Stored data:
· · · ·
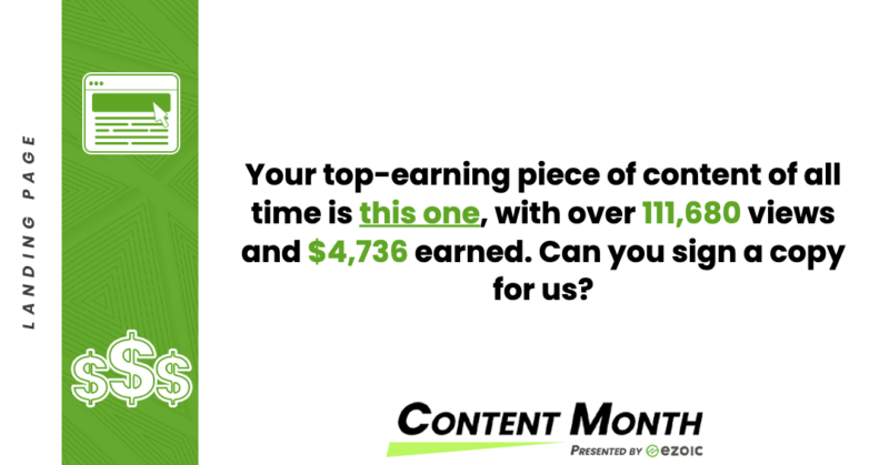 While we can’t show you exactly what page it was, this slide linked us to our top-earning content. It’s a banger, let me tell you that! This single page earned nearly 112,000 pageviews, as well as netting a chunky $4,700+ (as of writing) in ad revenues. If you’re curious to beat our figures, Ezoic’s ad revenue guarantee promises to earn you 25% more in ad revenues in 30 days. Or, they’ll pay the difference!
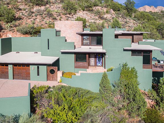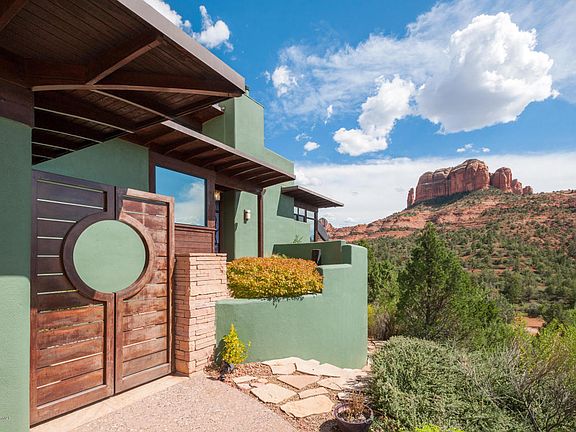 Views! Views! Views! This custom contemporary home was designed to capture spectacular vistas at every angle. Carefully adapted to the environment, its panoramas are unblockable. Sedona's premier architectural firm, the Design Group, & top builder, master wood craftsman, Joel DeTar, collaborated to create a home that nestles into the rocks using the existing space, organically causing the least possible disturbance to the natural environment. The result is a home that uniquely captures the natural beauty of Cathedral, Bell, & Courthouse Rocks, the Oak Creek Valley, the Mingus Mountains, & lights of Jerome. Art & architecture: a perfect marriage.(see 3-D tour in Photos)
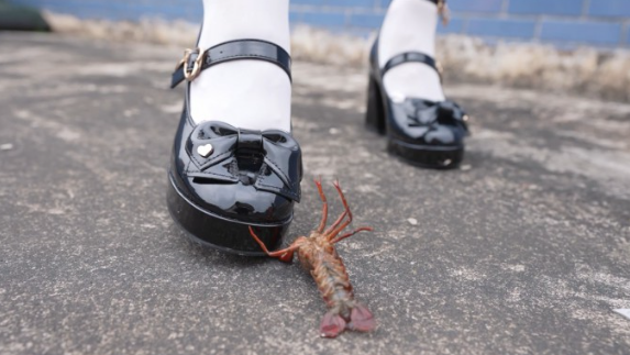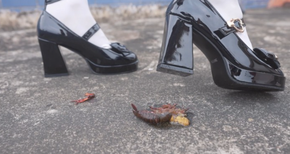 优美冷酷的姿态踩小龙虾,先踩断双臂,再用鞋后跟踩扁头部,最后踩至爆浆
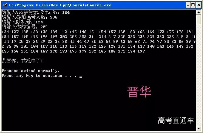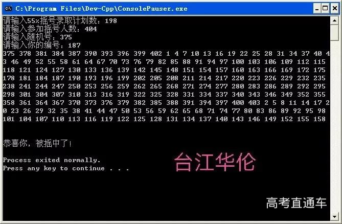 (3)第二位录取的学生为第一位录取学生的随机编号+等差数,第三位录取的学生为第二位录取学生的随机编号+等差数,第四位录取的学生为第三位录取学生的随机编号+等差数,以此类推,直至完成摇号录取计划数为止。
· · · ·
Exercise goal: Reproduce every line above as written, skipping pictures.

Solution:
 While we can’t show you exactly what page it was, this slide linked us to our top-earning content. It’s a banger, let me tell you that! This single page earned nearly 112,000 pageviews, as well as netting a chunky $4,700+ (as of writing) in ad revenues. If you’re curious to beat our figures, Ezoic’s ad revenue guarantee promises to earn you 25% more in ad revenues in 30 days. Or, they’ll pay the difference!
 Views! Views! Views! This custom contemporary home was designed to capture spectacular vistas at every angle. Carefully adapted to the environment, its panoramas are unblockable. Sedona's premier architectural firm, the Design Group, & top builder, master wood craftsman, Joel DeTar, collaborated to create a home that nestles into the rocks using the existing space, organically causing the least possible disturbance to the natural environment. The result is a home that uniquely captures the natural beauty of Cathedral, Bell, & Courthouse Rocks, the Oak Creek Valley, the Mingus Mountains, & lights of Jerome. Art & architecture: a perfect marriage.(see 3-D tour in Photos)
 优美冷酷的姿态踩小龙虾,先踩断双臂,再用鞋后跟踩扁头部,最后踩至爆浆
 (3)第二位录取的学生为第一位录取学生的随机编号+等差数,第三位录取的学生为第二位录取学生的随机编号+等差数,第四位录取的学生为第三位录取学生的随机编号+等差数,以此类推,直至完成摇号录取计划数为止。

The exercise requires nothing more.